Inflammation is associated with many pathology disorders and the malignant progression of most cancers. Therefore, targeting inflammatory pathways could provide a promising strategy for disease prevention and treatment. In this study, we experimentally investigated the anti-inflammatory effect of CC5 and CC8, two disintegrin isoforms isolated from Cerastes cerastes snake venom, on LPS-stimulated macrophages, both on human THP-1 and mouse RAW264.7 cell adherence and their underlying mechanisms by measuring cytokine release levels and Western blot assay. Equally, both molecules were evaluated on a carrageenan-induced edema rat model. Our findings suggest that CC5 and CC8 were able to reduce adhesion of LPS-stimulated macrophages both on human THP-1 and mouse RAW264.7 cells to fibrinogen and vitronectin through the interaction with the αvβ3 integrin receptor.

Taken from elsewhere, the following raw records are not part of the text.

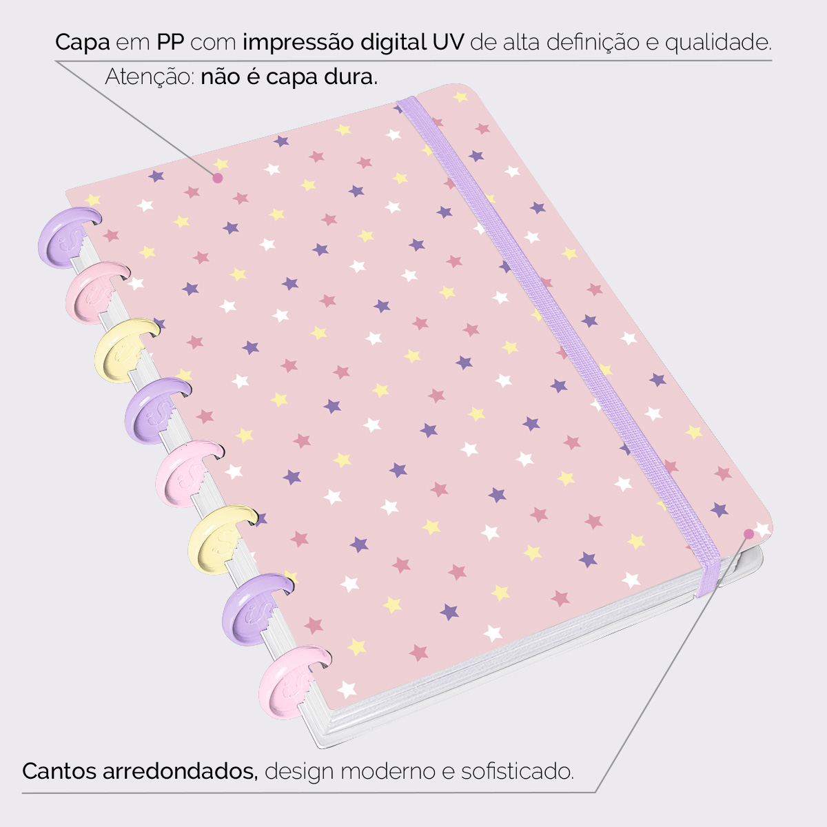 A capa é feita em PP com impressão digital UV de alta definição, acompanha 4 lindas divisórias, que você pode colocar em qualquer local do caderno, funcionando como o guia perfeito para sua organização.
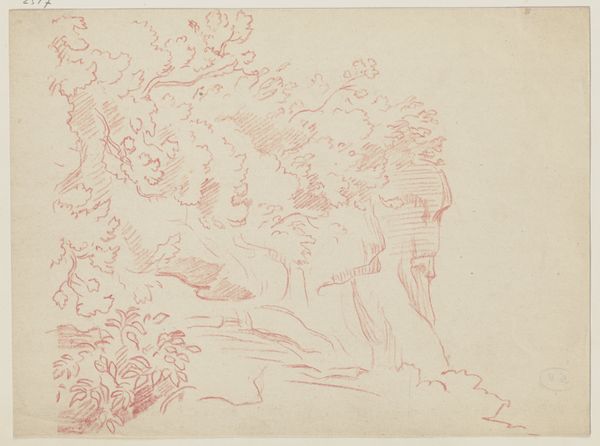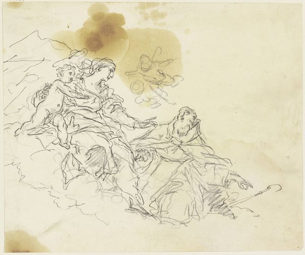 Curator: Looking at this preliminary sketch by Victor Müller, titled "The Princess and the Frog" one immediately senses an ethereal, almost dreamlike quality, don’t you think? Editor: Absolutely, it’s incredibly evocative even in its unfinished state. I'm immediately drawn to the central figure of the princess; there's such vulnerability in her posture. And the frog, barely a few lines, but brimming with implied significance. It makes you think about transformation, doesn't it? Curator: Indeed. It is fascinating to view Müller’s rendering of a fairy tale as rooted in social mores of his period, probably sometime in the mid-19th century, evidenced through his draftsmanship of landscapes and historical settings. Note, for example, the well’s structure-- it is rather representative of a more utilitarian, working class association to a place for drawing water. The setting places the princess away from her inherited status in this liminal public space. Editor: Yes, and consider the symbolic weight of the frog itself. Frogs are often linked to ideas of fertility, the unconscious mind, even ugliness transformed into beauty. Here, that symbolic transformation is still held as possibility. What is interesting about using a pencil on paper to record it for later contemplation. Curator: Precisely, the medium itself offers transparency to its intended creation, especially for an allegorical tale as complex as “The Frog Prince.” Müller positions the story inside a growing debate around the importance of traditional social values and a brewing shift to a more secular perspective of myth-making. Editor: A compelling point. The act of placing a familiar narrative within a contested socio-political climate adds depth to both its symbolic charge and Müller's vision for storytelling. This simple medium underscores the accessibility and adaptability of storytelling, where these age-old concepts of character, setting, and plot are placed to the audience to render complete, much like its form on paper here. Curator: It is the socio-political openness combined with universal meaning that enables the iconographic translation, if you will. A sketch of a moment on paper presents possibilities of public reflection and change through the tale's moral itself. Editor: Looking closer, I think I will carry that impression with me, too—how the raw qualities in Victor Müller's unfinished sketch amplifies the potential found within "The Frog Prince".
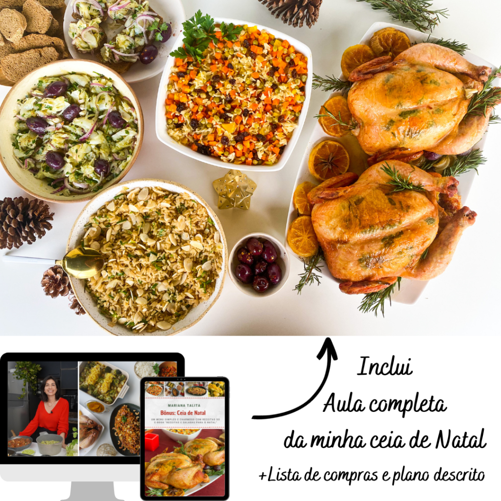 Eu faço contigo! Receitas do livro servidas em uma ceia completa – ensinadas em vídeo aula comigo na cozinha.
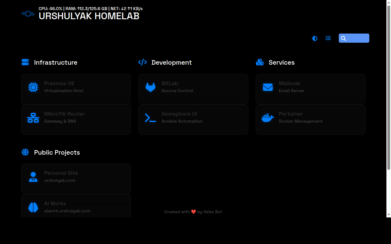Централізована панель керування внутрішніми сервісами хоумлабу. Реалізовано концепцію Infrastructure as Code: конфігурація автоматично підтягується з GitLab. Додано динамічний моніторинг (CPU, RAM, Network) через Python-скрипти. Zaria допомогла вирішити складні UI-баги з накладанням тексту та адаптацією шрифтів.
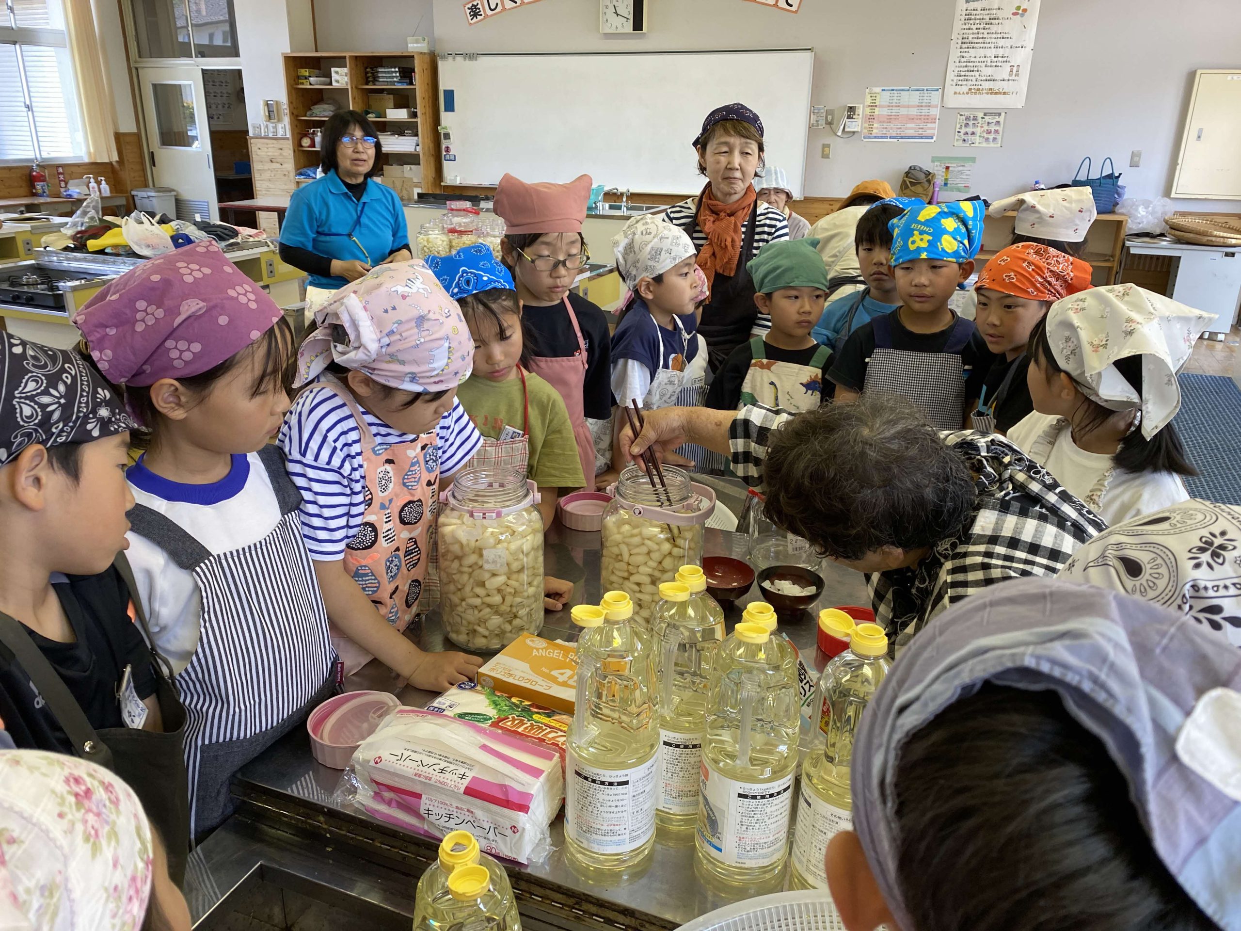 学校応援団の方々と協力し、休耕地でラッキョウの植え付けから収穫、酢漬けまでの一連の作業を体験しました。土壌や気候に応じた栽培の工夫を学び、収穫や加工の過程を実感しました。地域の自然環境と農業がつながっていることを理解し、持続可能な生産の意義を学びました。
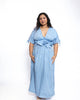 A soft and airy maxi dress adorned with 3D petal appliqués around the waistline — a true statement of effortless grace. Designed with tie-up sleeves and a plunging neckline for a romantic, flattering look.

Moreover, CC5 and CC8 reduced the levels of reactive oxygen species (ROS) mediated by the NF-κB, MAPK and AKT signaling pathways that lead to decreased production of the pro-inflammatory cytokines TNF-α, IL-6 and IL-8 and increased secretion of IL-10 in LPS-stimulated THP-1 and RAW264.7 cells. Interestingly, both molecules potently exhibited an anti-inflammatory effect in vivo by reducing paw swelling in rats. In light of these results, we can propose the CC5 and CC8 disintegrins as interesting tools to design potential candidates against inflammatory-related diseases.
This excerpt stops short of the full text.